Punxsutawney Phil and Ontario’s Wiarton Willie were the only groundhogs with more than 50 years of predictions on record. Of the newcomers, the worst performer was probably Winnipeg Willow, who made only four predictions, was wrong on three of them, and predicted a late spring in a year when it arrived 38 days earlier than average. “Even if certain groundhogs can occasionally predict the onset of spring better than others,” the authors write, “there appears to be no clear prophet among the group evaluated here.”
“Chuckles wins!” exclaims Patricia Buxton of the Lutz Children’s Museum in Manchester, Connecticut, home of one of the more successful prognosticating groundhogs, by way of counterpoint. Sadly, the most recent Chuckles passed away in 2020, and his role was temporarily assumed by the museum’s resident hedgehog, Phoebe. The new Chuckles—Chuckles XI—will, says Buxton, be sworn in as Connecticut’s state official groundhog immediately prior to making his inaugural prediction this year.
“He will place his paw on The Farmers’ Almanac as Judge Leo Diana swears him into his official role,” she says. “He has a lot of predecessors before him and some big pawprints to fill, but he is very much up to the task of his prognosticating duties.”

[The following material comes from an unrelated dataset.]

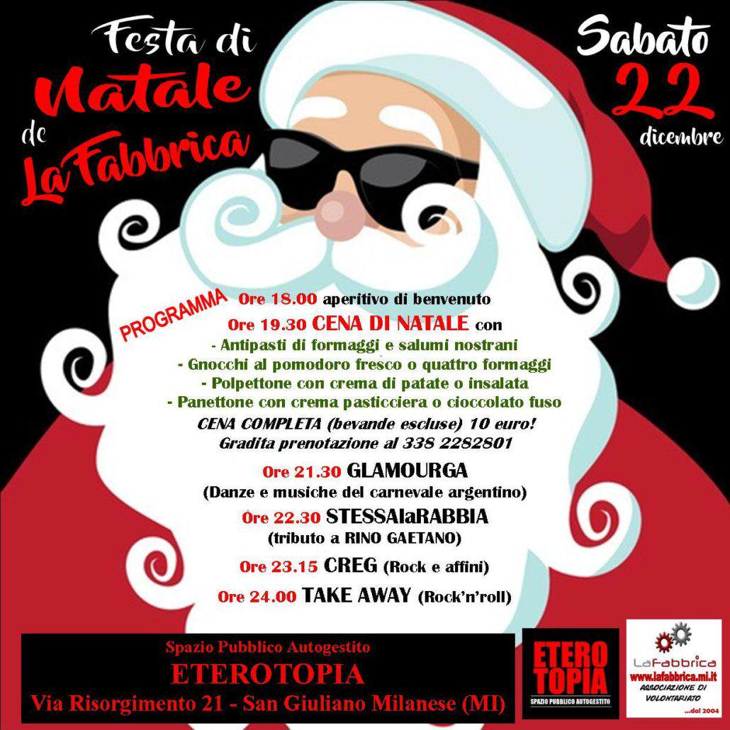 L’Associazione di Volontariato La Fabbrica in collaborazione con lo spazio Eterotopia vi invita sabato 22 dicembre alla FESTA DI NATALE 2018. Un pomeriggio e serata in buona compagnia gustando ottime pietanze, ascoltando buona musica e scambiandoci gli auguri dopo un anno di tante iniziative dedicate a tutti voi.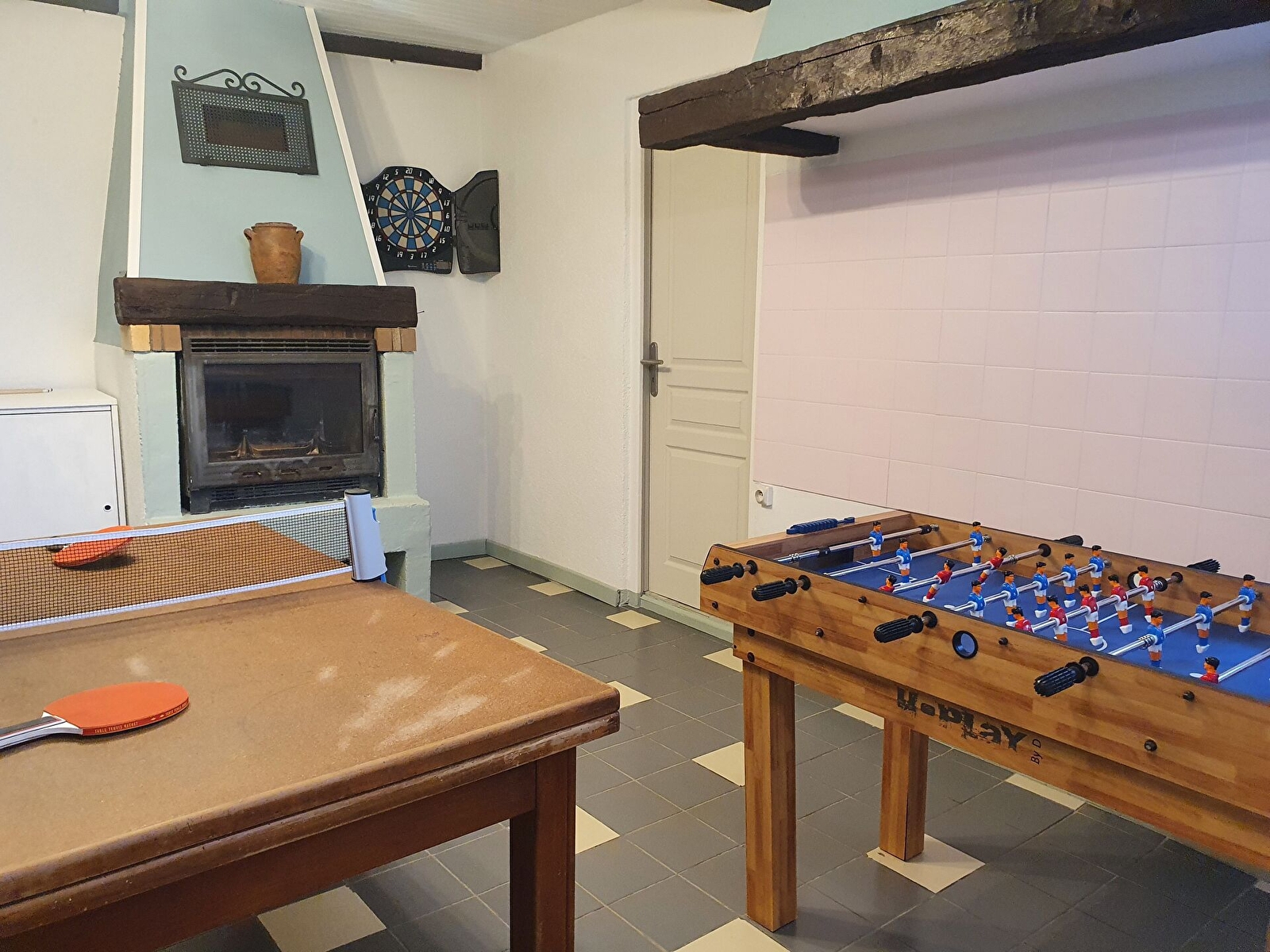 A l’étage, la palier dessert 3 chambres (lit 140x190cm). La plus spacieuse est équipée d’un lit bébé en bois évolutif. Salle d’eau avec douche à l’italienne et WC. Salle de jeux avec baby foot et table de ping pong.

To be fair, the authors acknowledge, the groundhogs might have a better chance of success were they not roused from their mid-winter slumber to make predictions. Most groundhogs tend not to emerge from their burrows until March at the earliest; perhaps they would perform better if they were allowed to prognosticate after a full winter’s rest? (Although, the value of such predictions would be significantly diminished at such a late date.)
Additionally, in a warming world, the first day of spring is a moving target. To that end, it’s notable that Punxsutawney Phil has apparently kept somewhat up to date with the scientific literature, since he has been predicting early springs with greater frequency.
Ross tells National Geographic that it was “wonderful” to be able to set more serious research briefly aside and write such a lighthearted paper, particularly during a period in which people have been isolated and need good news.
Alas, their conclusion is clear: groundhog prognosticating abilities for the arrival of spring are no better than chance, they write, “without a shadow of a doubt.”
A side note...
On Wall Street, returns on the U.S. Stock Market are 2.78 percent higher following predictions of an early spring than upon the declaration of a long winter, a recent study found. The study’s authors assigned the discovery to “major and persistent irrational optimism of U.S. investors revolving around Groundhog Day early spring prognostications.”